PORT ANGELES — This may be a rural town, but its young performing artists do not play small.
Five teenage students at the Ballet Workshop, the school founded in 1970 by Sylvia Wanner, have been accepted into prestigious summer training programs, reported Kate Robbins, BW’s artistic director.
The girls — who’ll give a spring recital for their families today — are Port Angeles’ Ava Johnson, 15, Isabella Knott and Caitlynn Donaldson, both 17, and Amelia Brown and Daphne Oakes, both 13. All are headed out of state this month: Oakes to Ballet Idaho in Boise and the other four to Atlanta’s International City School of Ballet (ICSB).
“Each girl was required to film and send a 15-minute audition video of their classwork to the respective programs to compete for acceptance,” Robbins said.
“The ICSB academy is considered one of the premier institutions in the South, with graduates who annually represent the U.S. and win medals at major international ballet competitions such as Prix de Lausanne [in Switzerland].”

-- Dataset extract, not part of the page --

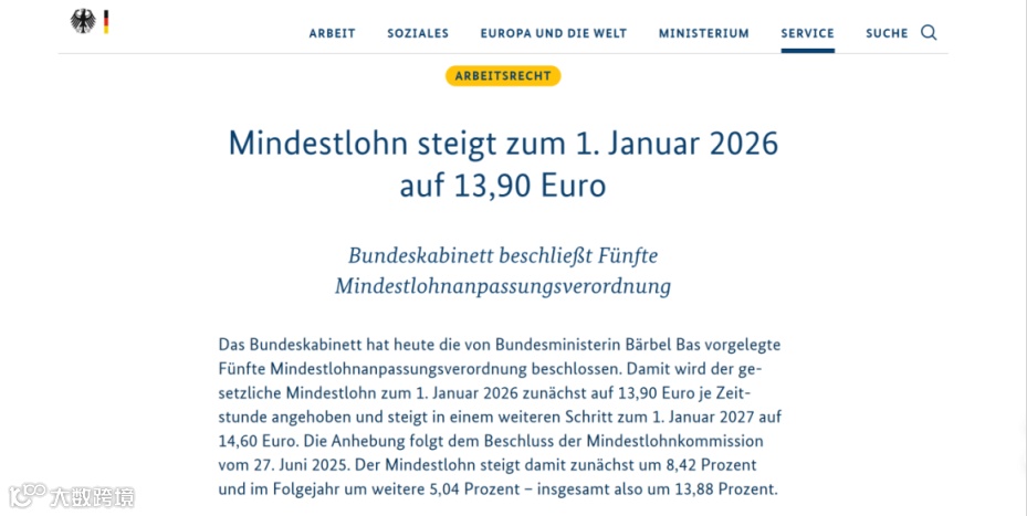 近期,德国联邦内阁正式通过法定最低工资调整协议:2026年1月1日起,德国最低工资提升至13.90欧元/小时;2027年1月1日起,提升至14.60欧元/小时。
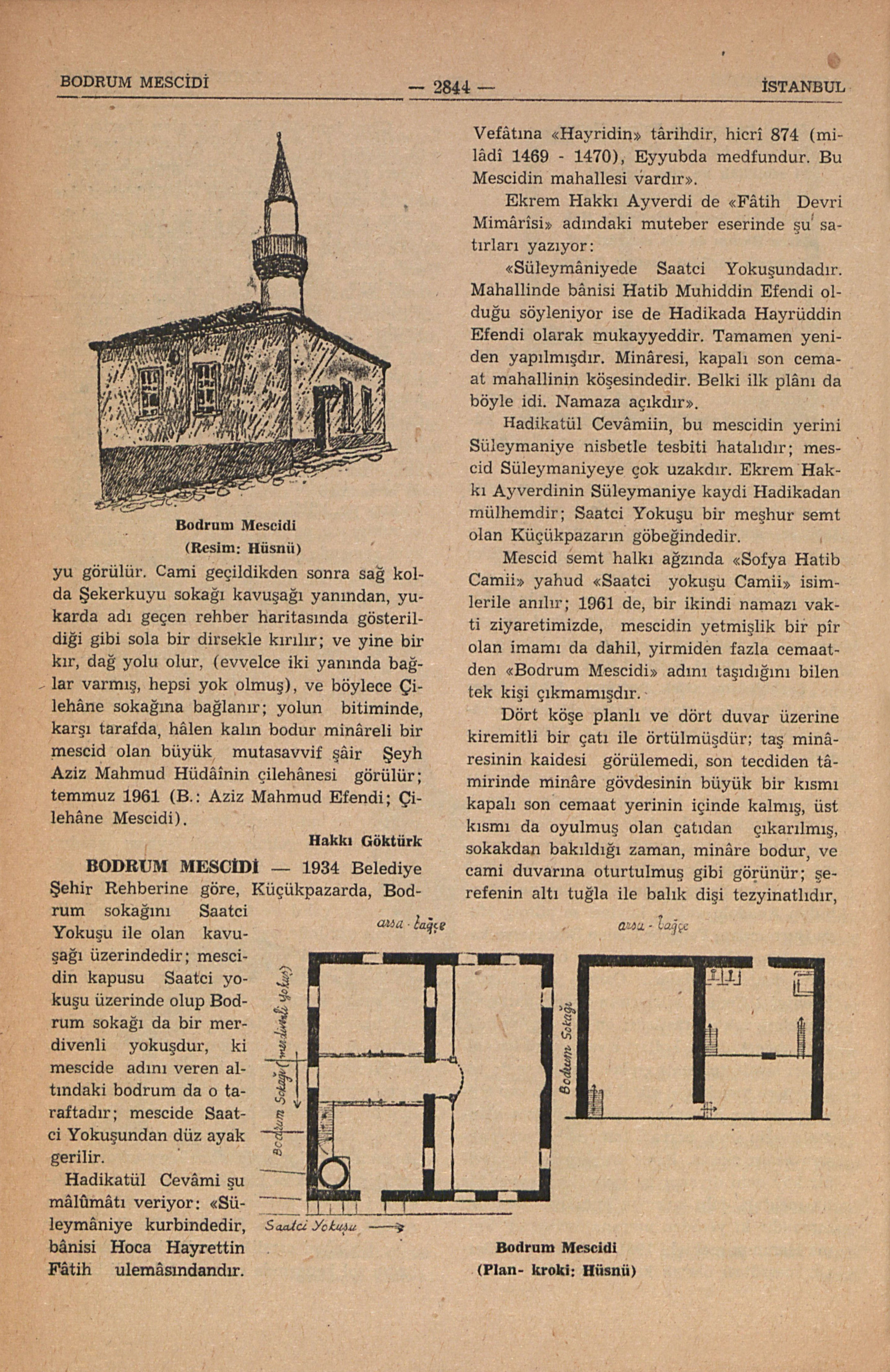 Bibl.: Hadikatül Cevâmi, I; E. H. Ayverdi, Fâtih Devri Mimârisi; R.E.K. Gezi notu.

Of 60 spots available to candidates around the world, Ballet Workshop’s students took three of the senior spots and one of the intermediate-level spots — “an outstanding achievement for four students from one small community,” Robbins noted.

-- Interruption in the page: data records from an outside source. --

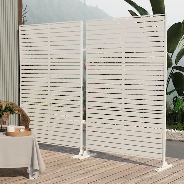 UIXE 47.2 in W. Galvanized Steel Garden Fence Outdoor Privacy Screen Garden Screen Panels in White (2-pack)
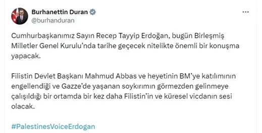 İletişim Başkanı Burhanettin Duran, sosyal medya hesabından yaptığı açıklamada, “Cumhurbaşkanımız Sayın Recep Tayyip Erdoğan, bugün Birleşmiş Milletler Genel Kurulu’nda tarihe geçecek nitelikte önemli bir konuşma yapacak. Filistin Devlet Başkanı Mahmud Abbas ve heyetinin BM’ye katılımının engellendiği ve Gazze’de yaşanan soykırımın görmezden gelinmeye çalışıldığı bir ortamda bir kez daha Filistin’in ve küresel vicdanın sesi olacak” ifadelerini kullandı.
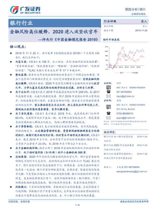 【广发证券】【20191126】评央行《中国金融稳定报告2019》:金融风险高位缓释,2020进入攻坚收官年-4页 行业研究
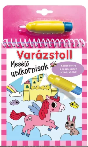 A Varázstoll - Mesélő unikornisok vízzel festhető színező egyedülálló módon vezeti be a gyerekeket az unikornisok mesés világába. Találkozz Felhővel, a repülő unikornissal, Levéllel, a mesélővel, Kristállyal, aki imádja a vízeséseket, és Zoéval, az állatok védelmezőjével! A varázstoll segítségével minden kép színei életre kelnek, és újra és újra megfesthetők. Ez a kreatív színező tökéletes ajándék minden unikornisrajongó gyermek számára.
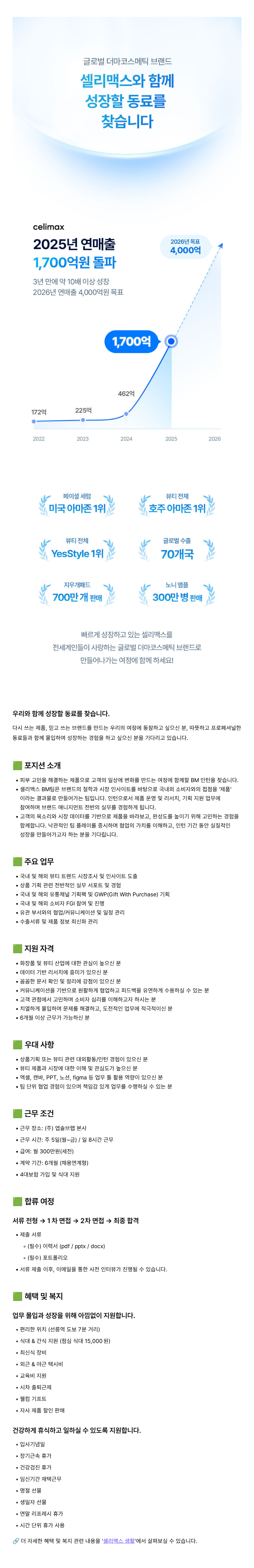 [셀리맥스] BM(상품기획) 인턴 채용
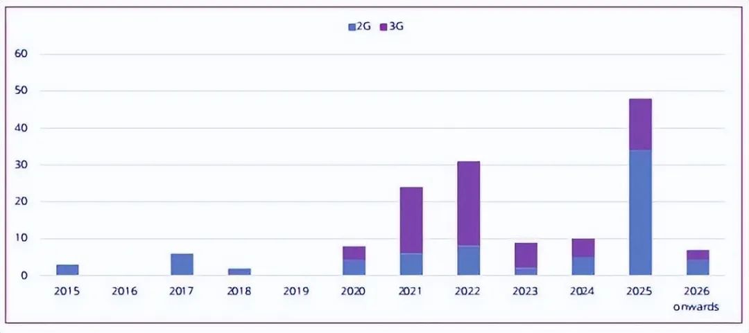 GSA的蜂窝研究表明,2G/3G的物联网规关网率将继续增加,尤其是模大卖流3G的关网速度将超过2G。2G/3G的收益关网潮将在2025年达到高峰。
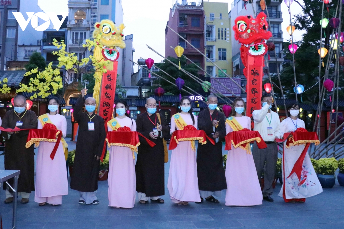 El espacio del festival está decorado con elementos budistas con el objetivo de crear un ambiente cálido y pacífico en los días del Tet.

“Ballet Idaho is also one of the leading summer programs for young dancers in the Pacific Northwest. At 13, Daphne is one of the youngest to be accepted into their senior professional summer division,” she added of Oakes, who’s danced at the Ballet Workshop since she was 5.
Those audition videos were grueling to make, Robbins said, adding she didn’t have to push these dancers to try for what they wanted.

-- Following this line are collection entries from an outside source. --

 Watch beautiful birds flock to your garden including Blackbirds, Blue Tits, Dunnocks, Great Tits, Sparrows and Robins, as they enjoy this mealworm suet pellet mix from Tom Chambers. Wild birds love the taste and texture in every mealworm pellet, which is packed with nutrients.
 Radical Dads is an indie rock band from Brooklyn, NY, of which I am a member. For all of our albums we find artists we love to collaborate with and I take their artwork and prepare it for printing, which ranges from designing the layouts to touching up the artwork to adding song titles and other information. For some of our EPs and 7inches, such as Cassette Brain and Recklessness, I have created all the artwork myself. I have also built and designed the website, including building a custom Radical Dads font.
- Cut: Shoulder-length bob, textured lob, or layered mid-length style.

“They’re pushing themselves,” she said.
Donaldson, a high school junior, moved from Yakima to Port Angeles to live with a host family — friends of Robbins — so she could study at the Ballet Workshop. She met Robbins in seminars at Seattle’s Pacific Northwest Ballet, and with her help has recovered from a back injury.
During the past year of pandemic-induced isolation, ballet has been a kind of saving grace.
Back in the period of lockdown last year, “we did have our Zoom classes every night. That was really nice — the consistency of it,” Donaldson said.
Classes are in the downtown Port Angeles studio again, with safety protocols part of the routine. Donaldson dances five nights a week and takes private lessons on weekends.
She and her fellow Ballet Workshop dancers appeared in “Nutcracker: The Movie,” the school’s 2020 production screened at Port Townsend’s Wheel-In Motor Movie last December.
This year’s “Nutcracker,” the sixth since Robbins became the owner and director, is slated for Dec. 4-5 back at the Port Angeles High School Performing Arts Center.
Some 120 youngsters ages 3 to 18 study at the Ballet Workshop, Robbins said. All five of her star students will go to summer camp here in late July and early August; Robbins added she has room for more girls and boys, in all age groups. Register at by sending an email to theballetworkshoppa@gmail.com.
As the state reopens, “we’ll be in a place where more kids can participate. We’re encouraging them to start,” she said, adding she has students from Port Ludlow, Port Townsend, Joyce and Forks as well as Port Angeles.
Knott, for her part, said she’s looking forward to the intensity of her time in Atlanta. She now dances “maybe three hours a day, six days a week. But the classes aren’t all intense. Some are tap, or character classes.”
At ICSB, it will be straight ballet and immersion in the school’s specialized Vaganova training program.
Created by the Russian dancer and teacher Agrippina Vaganova (1879-1951), it’s considered an essential training in classical ballet, one that emphasizes dancing with expression — yet without injury.
This summer program “will really get me in shape,” Knott said.